- Python Programming Blueprints
- Daniel Furtado Marcus Pennington
- 550字
- 2021-06-24 18:53:47
Adding helper methods
To start with, we need to import some packages:
import re
from weatherterm.core import Forecast
from weatherterm.core import Request
from weatherterm.core import Unit
from weatherterm.core import UnitConverter
And in the initializer, we are going to add the following code:
self._base_url = 'http://weather.com/weather/{forecast}/l/{area}'
self._request = Request(self._base_url)
self._temp_regex = re.compile('([0-9]+)\D{,2}([0-9]+)')
self._only_digits_regex = re.compile('[0-9]+')
self._unit_converter = UnitConverter(Unit.FAHRENHEIT)
In the initializer, we define the URL template we are going to use to perform requests to the weather website; then, we create a Request object.
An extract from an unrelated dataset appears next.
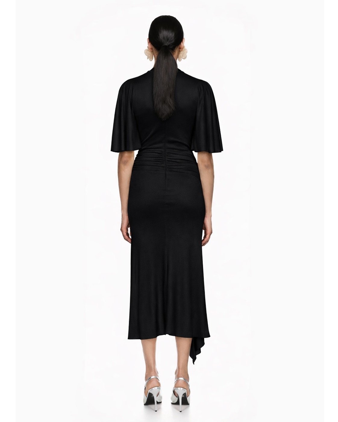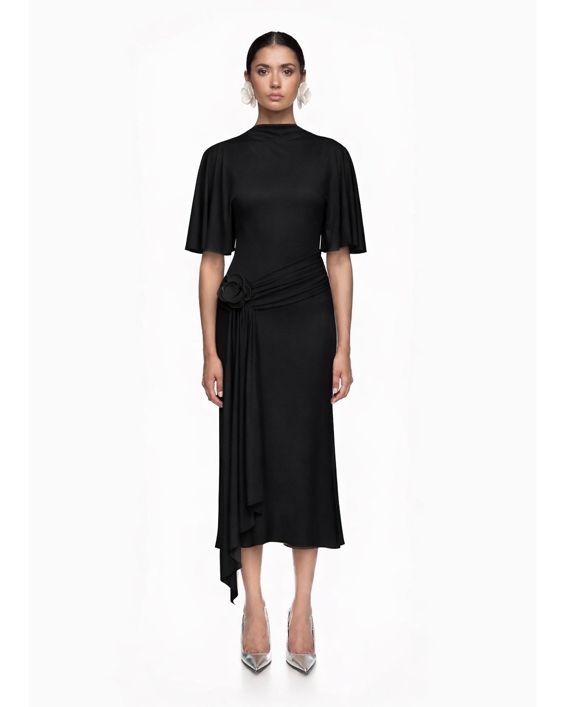 Ця сукня міді-довжини має драпіровані рукави, об'ємну вишивку з мережива та квітів, драпірування на стегнах та подол з воланами. Вона застібається на блискавку ззаду.

This is the object that will perform the requests for us.
Regular expressions are only used when parsing today's weather forecast temperatures.
We also define a UnitConverter object and set the default unit to Fahrenheit.
Now, we are ready to start adding two methods that will be responsible for actually searching for HTML elements within a certain class and return its contents. The first method is called _get_data:
def _get_data(self, container, search_items):
scraped_data = {}
for key, value in search_items.items():
result = container.find(value, class_=key)
data = None if result is None else result.get_text()
if data is not None:
scraped_data[key] = data
return scraped_data
The idea of this method is to search items within a container that matches some criteria. The container is just a DOM element in the HTML and the search_items is a dictionary where the key is a CSS class and the value is the type of the HTML element. It can be a DIV, SPAN, or anything that you wish to get the value from.
It starts looping through search_items.items() and uses the find method to find the element within the container. If the item is found, we use get_text to extract the text of the DOM element and add it to a dictionary that will be returned when there are no more items to search.
The second method that we will implement is the _parser method. This will make use of the _get_data that we just implemented:
def _parse(self, container, criteria):
results = [self._get_data(item, criteria)
for item in container.children]
return [result for result in results if result]
Here, we also get a container and criteria like the _get_data method. The container is a DOM element and the criterion is a dictionary of nodes that we want to find. The first comprehension gets all the container's children elements and passes them to the _get_data method.
The results will be a list of dictionaries with all the items that have been found, and we will only return the dictionaries that are not empty.
There are only two more helper methods we need to implement in order to get today's weather forecast in place. Let's implement a method called _clear_str_number:
def _clear_str_number(self, str_number):
result = self._only_digits_regex.match(str_number)
return '--' if result is None else result.group()
This method will use a regular expression to make sure that only digits are returned.
And the last method that needs to be implemented is the _get_additional_info method:
def _get_additional_info(self, content):
data = tuple(item.td.span.get_text()
for item in content.table.tbody.children)
return data[:2]
This method loops through the table rows, getting the text of every cell. This comprehension will return lots of information about the weather, but we are only interested in the first 2, the wind and the humidity.